_Task to carry out:_
Output the entries exactly as they appear. Pictures should not be included.

(Collected data)
####################

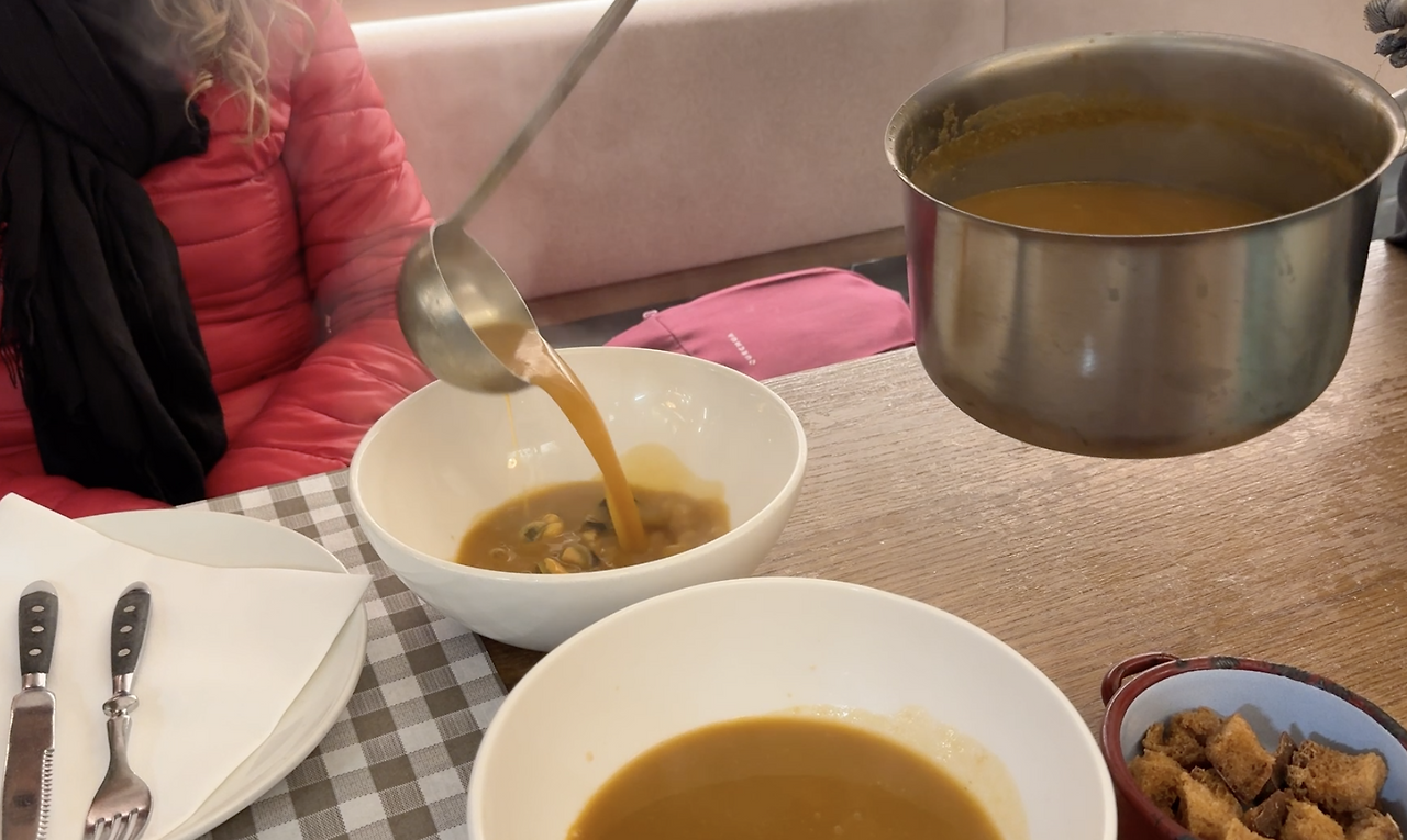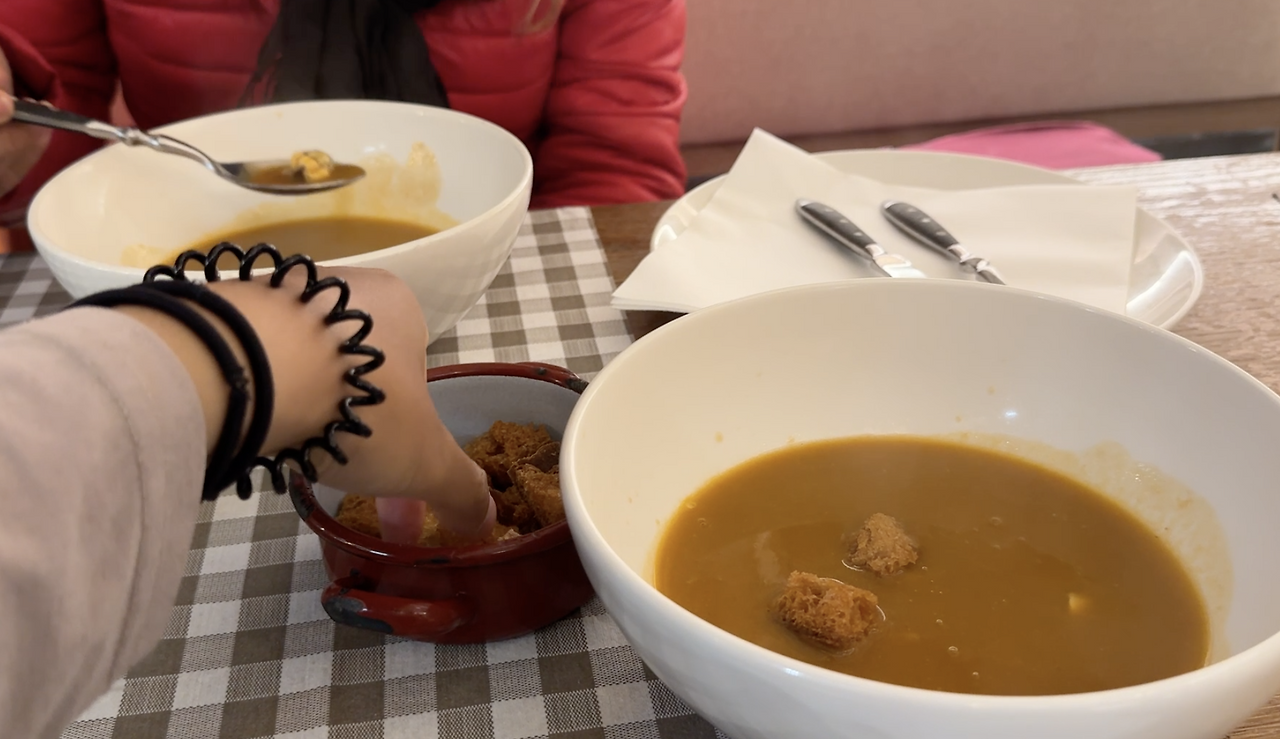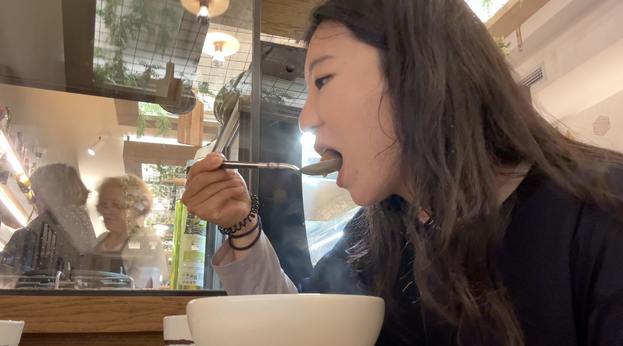우리는 따뜻한 홍합수프를 시켰다. 나는 원래 조개류가 비려서 좋아하지 않는데 너무 추워서 그냥 먹었다.
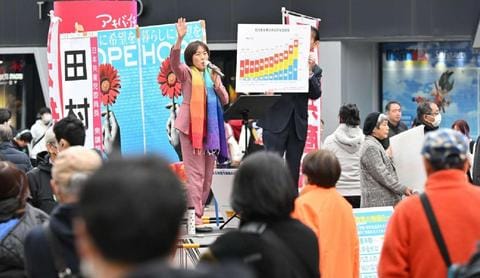日本共産党の田村智子委員長は15日、東京・秋葉原駅前で、対話演説に臨みました。田村氏は、石破茂首相が当選1回の自民党衆院議員15人と会合し、1人10万円分の商品券を配布していた問題で、「典型的な裏金」と厳しく批判。「政治活動ではない」という石破首相の言い訳は詭弁(きべん)だとして、真相解明への決意を表明しました。
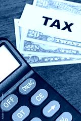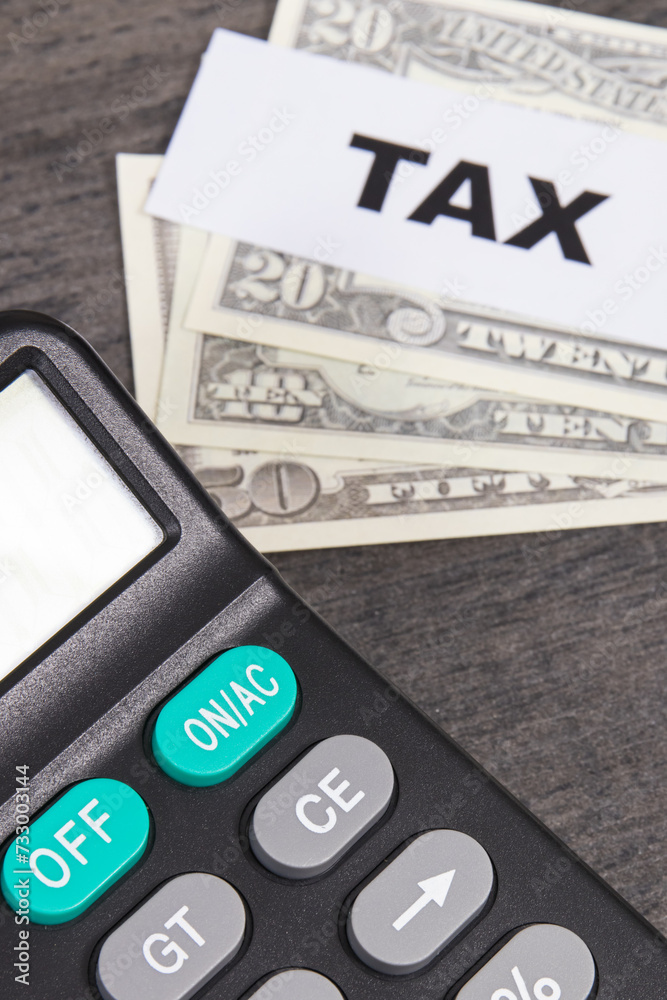 Calculator, inscription tax and dollar banknotes. Calculating and paying tax
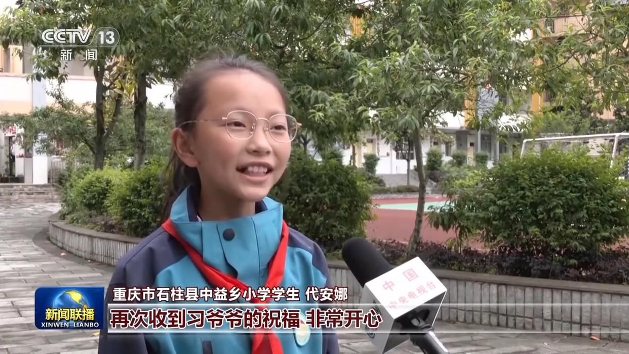 重庆市石柱县中益乡小学学生 代安娜:再次收到习爷爷的祝福,非常开心。我会铭记习爷爷对我们少年儿童的关爱,立志向、修品行、练本领,德智体美劳全面发展。
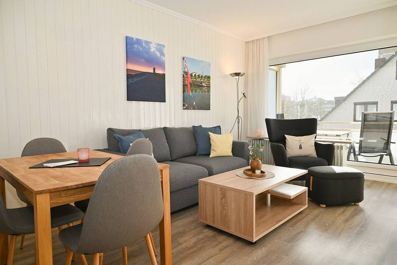 Herzlich Willkommen in Ihrem neuen Urlaubsdomizil "Knütt"! Verbringen Sie erholsame Tage in unserer gemütlichen 2-Raum-Ferienwohnung „Knütt“ im 1. Obergeschoss. Die Wohnung bietet einen offenen Wohn-, Küchen- und Essbereich, der eine helle und freundliche Atmosphäre schafft. Im Schlafzimmer steht ein bequemes Doppelbett zur Verfügung, und das Schlafsofa im Wohnbereich bietet Platz für eine weitere Person – ideal für kleine Familien oder Paare mit Begleitung. Genießen Sie sonnige Stunden auf dem großen Südbalkon – dank Markise auch angenehm im Schatten. Alle Fenster sind mit Außenjalousien ausgestattet, die zusätzlichen Komfort und Privatsphäre bieten. Das modern eingerichtete Badezimmer verfügt über eine Handtuchheizung und sorgt für ein angenehmes Wohlfühlambiente. Zur Wohnung gehören ein eigener PKW-Stellplatz sowie eine Fahrradabstellmöglichkeit (nicht abgeschlossen). Wir freuen uns darauf, Sie als unsere Gäste in der Ferienwohnung „Knütt“ begrüßen zu dürfen!
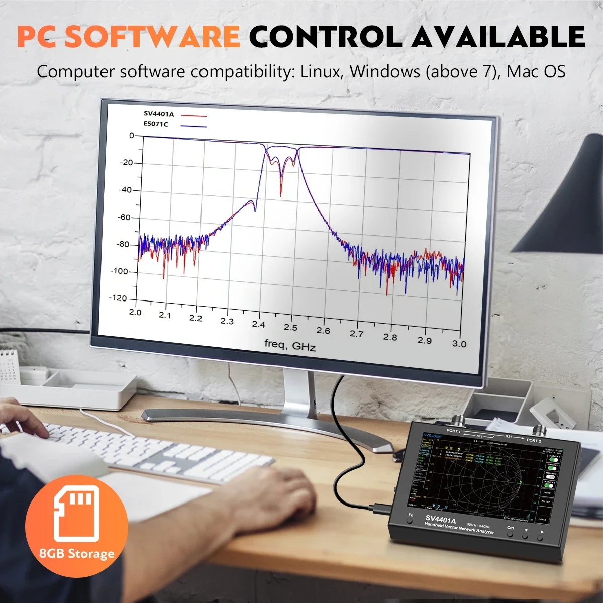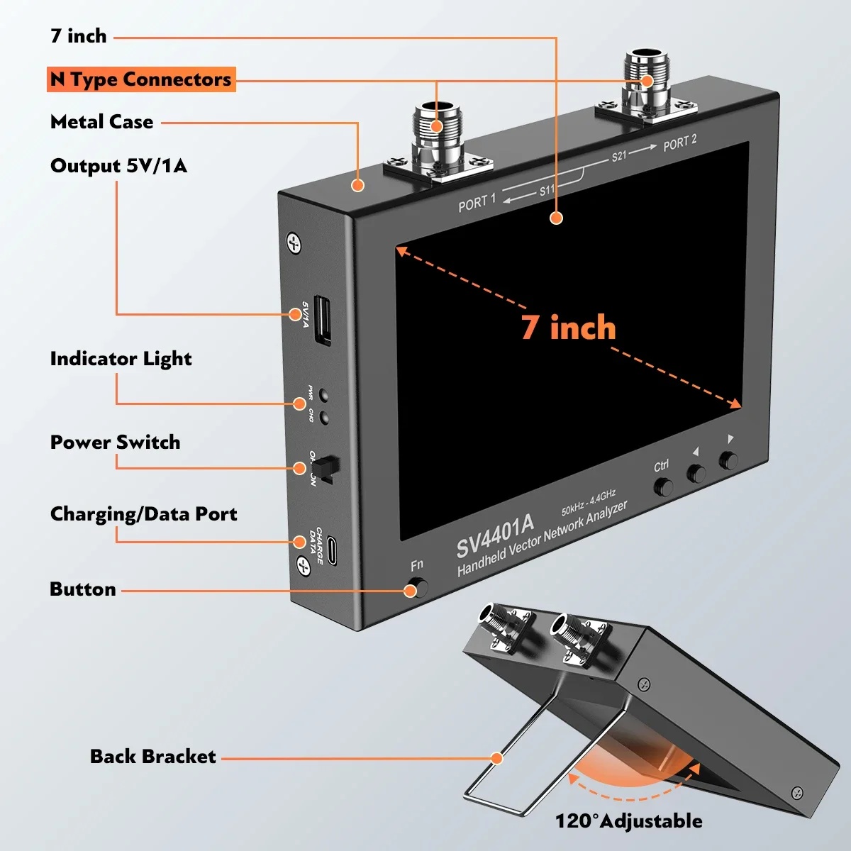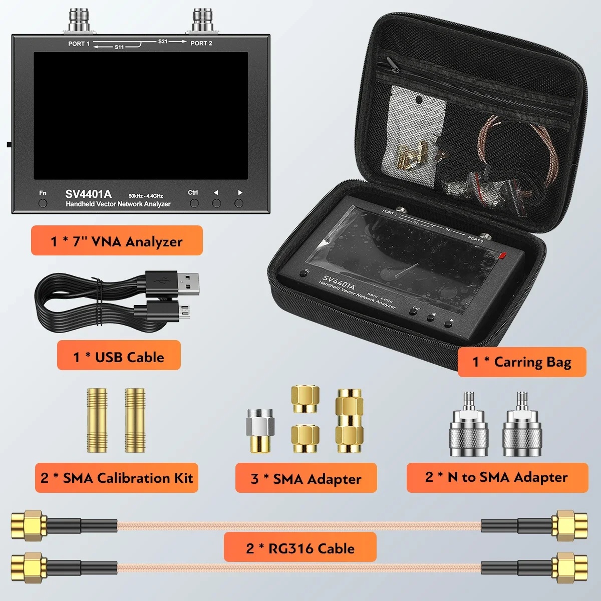 SV4401A 7 Inch Touch LCD Handheld Vector Network Analyzers 50KHz-4.4GHz 100dB Dynamic NanoVNA Tester
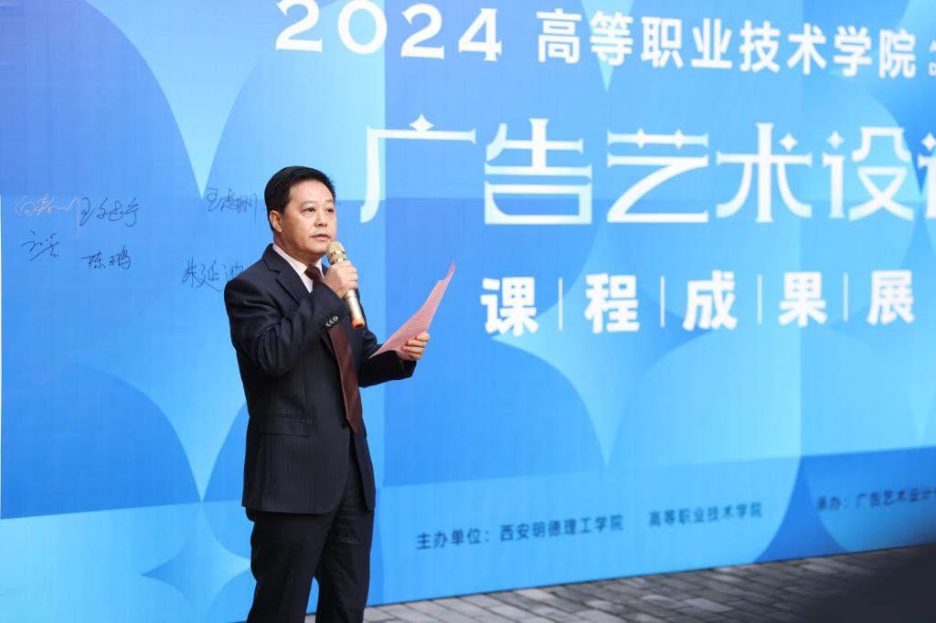 活动伊始,学校财务总监马晓军发表致辞。马总监首先祝贺高等职业技术学院广告艺术设计专业课程成果展迎来盛大开幕,其次对辛勤筹备画展的工作人员表示感谢;随后,马总监充分肯定了高等职业技术学院在过去几年的时间在教育教学方面里取得的突出成绩,并希望高等职业技术学院以本次展览为契机,继续深化艺术设计教育,培养更多具有创新精神和社会责任感的艺术人才。

####################

_Output below:_
우리는 따뜻한 홍합수프를 시켰다. 나는 원래 조개류가 비려서 좋아하지 않는데 너무 추워서 그냥 먹었다.
日本共産党の田村智子委員長は15日、東京・秋葉原駅前で、対話演説に臨みました。田村氏は、石破茂首相が当選1回の自民党衆院議員15人と会合し、1人10万円分の商品券を配布していた問題で、「典型的な裏金」と厳しく批判。「政治活動ではない」という石破首相の言い訳は詭弁(きべん)だとして、真相解明への決意を表明しました。
 Calculator, inscription tax and dollar banknotes. Calculating and paying tax
 重庆市石柱县中益乡小学学生 代安娜:再次收到习爷爷的祝福,非常开心。我会铭记习爷爷对我们少年儿童的关爱,立志向、修品行、练本领,德智体美劳全面发展。
 Herzlich Willkommen in Ihrem neuen Urlaubsdomizil "Knütt"! Verbringen Sie erholsame Tage in unserer gemütlichen 2-Raum-Ferienwohnung „Knütt“ im 1. Obergeschoss. Die Wohnung bietet einen offenen Wohn-, Küchen- und Essbereich, der eine helle und freundliche Atmosphäre schafft. Im Schlafzimmer steht ein bequemes Doppelbett zur Verfügung, und das Schlafsofa im Wohnbereich bietet Platz für eine weitere Person – ideal für kleine Familien oder Paare mit Begleitung. Genießen Sie sonnige Stunden auf dem großen Südbalkon – dank Markise auch angenehm im Schatten. Alle Fenster sind mit Außenjalousien ausgestattet, die zusätzlichen Komfort und Privatsphäre bieten. Das modern eingerichtete Badezimmer verfügt über eine Handtuchheizung und sorgt für ein angenehmes Wohlfühlambiente. Zur Wohnung gehören ein eigener PKW-Stellplatz sowie eine Fahrradabstellmöglichkeit (nicht abgeschlossen). Wir freuen uns darauf, Sie als unsere Gäste in der Ferienwohnung „Knütt“ begrüßen zu dürfen!
 SV4401A 7 Inch Touch LCD Handheld Vector Network Analyzers 50KHz-4.4GHz 100dB Dynamic NanoVNA Tester
 活动伊始,学校财务总监马晓军发表致辞。马总监首先祝贺高等职业技术学院广告艺术设计专业课程成果展迎来盛大开幕,其次对辛勤筹备画展的工作人员表示感谢;随后,马总监充分肯定了高等职业技术学院在过去几年的时间在教育教学方面里取得的突出成绩,并希望高等职业技术学院以本次展览为契机,继续深化艺术设计教育,培养更多具有创新精神和社会责任感的艺术人才。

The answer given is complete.